As time passes, scholars are finding out more about the LGBTQ+ composers, performers and musical groups that have been hidden by history.
And some ironies emerge. One can only imagine the response of conservative, right-wing Evangelical Christians who find out that the composer of “Messiah” – George Frideric Handel (below) — was queer, at least according to some researchers.
For most listeners, surprises abound.
Here is a good place to start. It is the very large Wikipedia entry of LGBTQ+ composers and performers, both contemporary and historical. The Ear finds it very informative. It is organized by the kind of musicians they are and the category of their sexual identity. https://en.wikipedia.org/wiki/Category:LGBT_musicians
If you want to be more selective, try these: https://www.classicfm.com/discover-music/greatest-lgbtq-conductors-you-should-know/. They include Marin Alsop (below top) and her teacher and mentor Leonard Bernstein (below bottom).
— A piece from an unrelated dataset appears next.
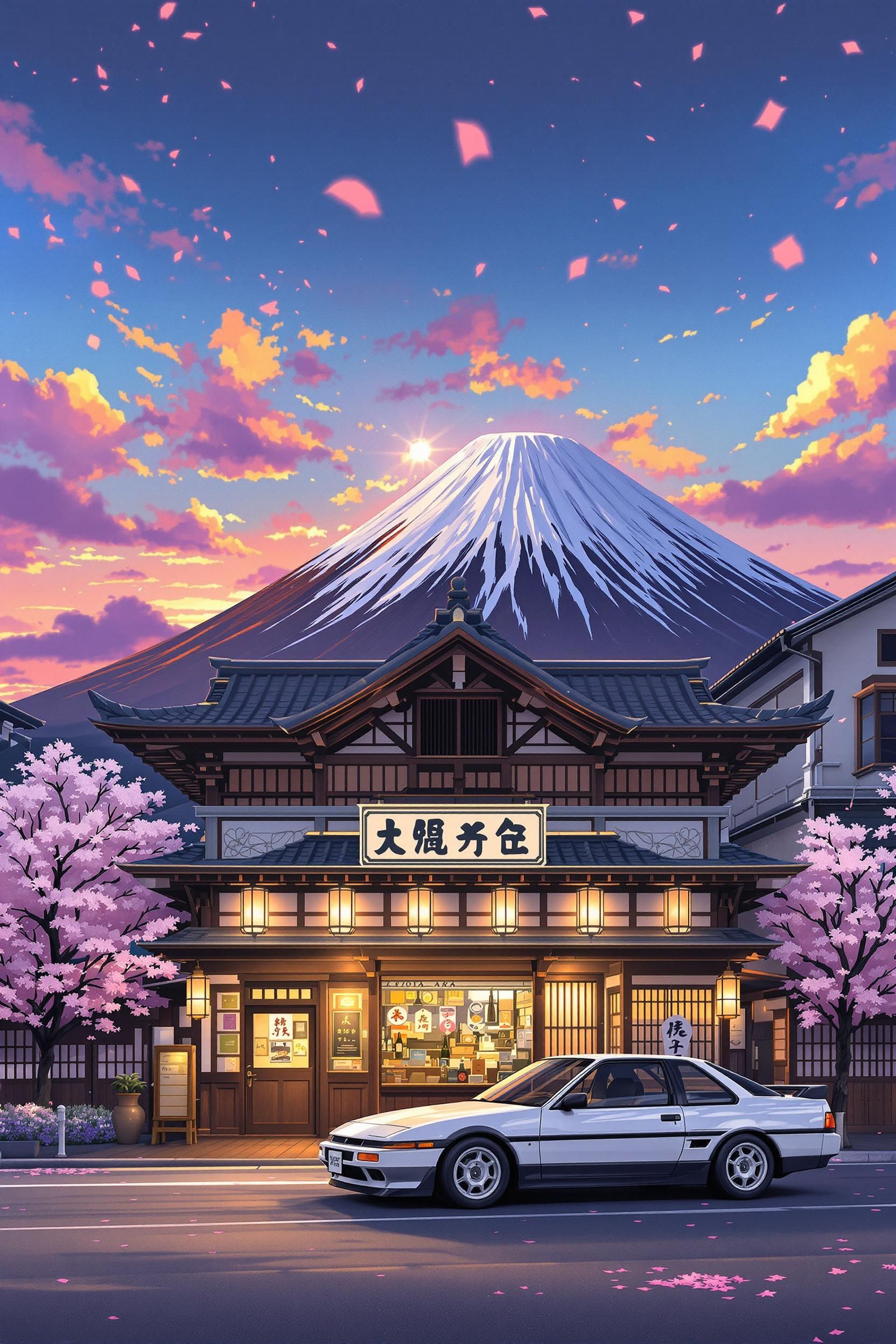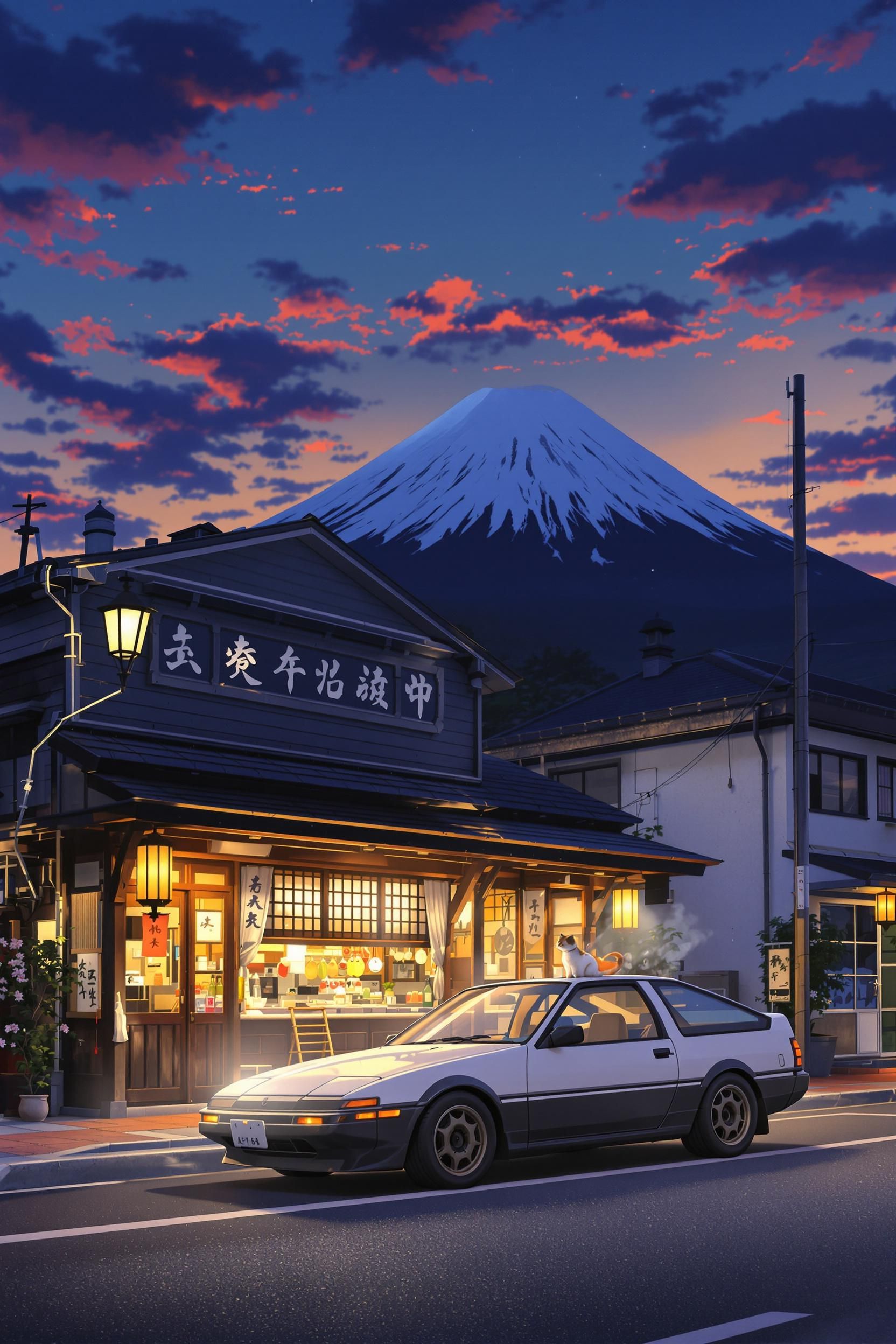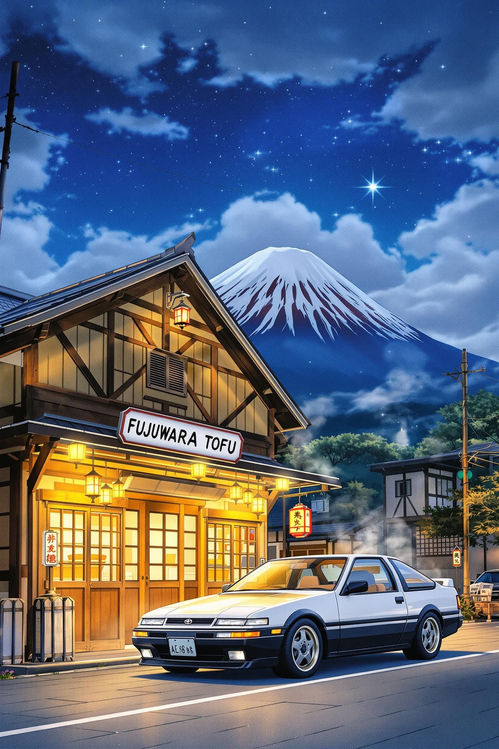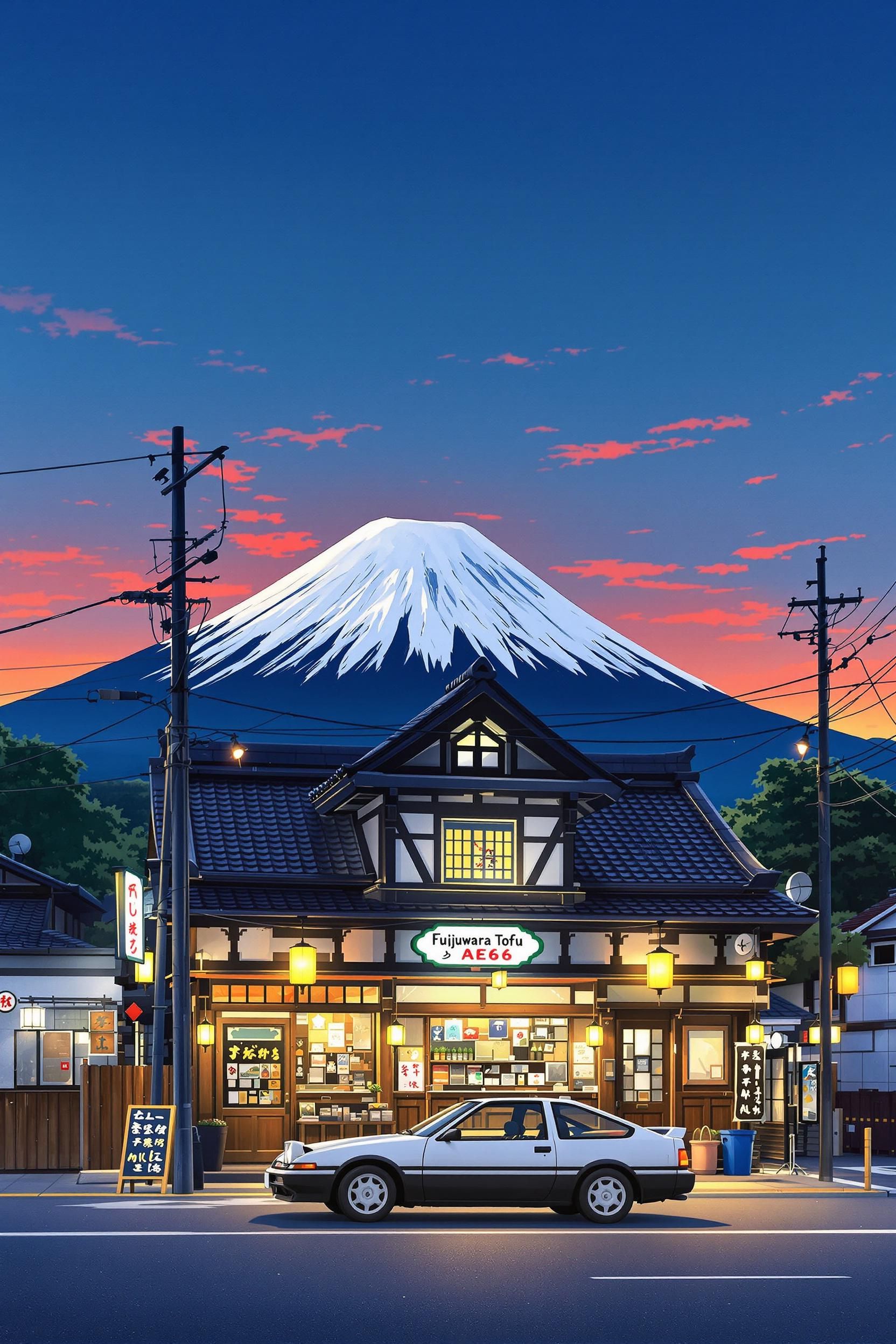 Studio ghibli style, in the evening, a toyota ae86 parked in front of fujiwara tofu shop, warm lights, with mount fuji in the background. the camera is facing the facade of the shop, anime movie-level effect

Here is longer essay that focuses on lesbian conductors as well as gay men and reaches back to the Middle Ages: http://www.glbtqarchive.com/arts/conductors_A.pdf
And here is one with some great photos or pictures of the individuals: https://www.classicfm.com/discover-music/great-classical-composers-who-were-gay/
Finally, here are some of the international music ensembles – with audio samples of their performances — made up of LGBTQ+ singers and instrumentalists, including the Rainbow Symphony of Paris (in the YouTube video at the bottom, performing the beautiful Gloria by the gay French composer Francis Poulenc in a benefit Concert Against Homophobia for UNESCO): https://www.classicfm.com/discover-music/best-lgbtq-classical-music-ensembles/
Inevitably, some readers will react by asking: What difference does the sexual identity of composer or performer make? All that matters, they argue, is the music.
Here is a reply to that specious argument that focuses on Yannick Nézet-Séguin (below), the music director of the Metropolitan Opera, the Philadelphia Orchestra and the City Symphony of Montreal. It appeared in The New York Times: https://www.nytimes.com/2019/01/15/arts/music/yannick-nezet-seguin-met-opera-gay.html
Happy Pride – this month and every day of the year!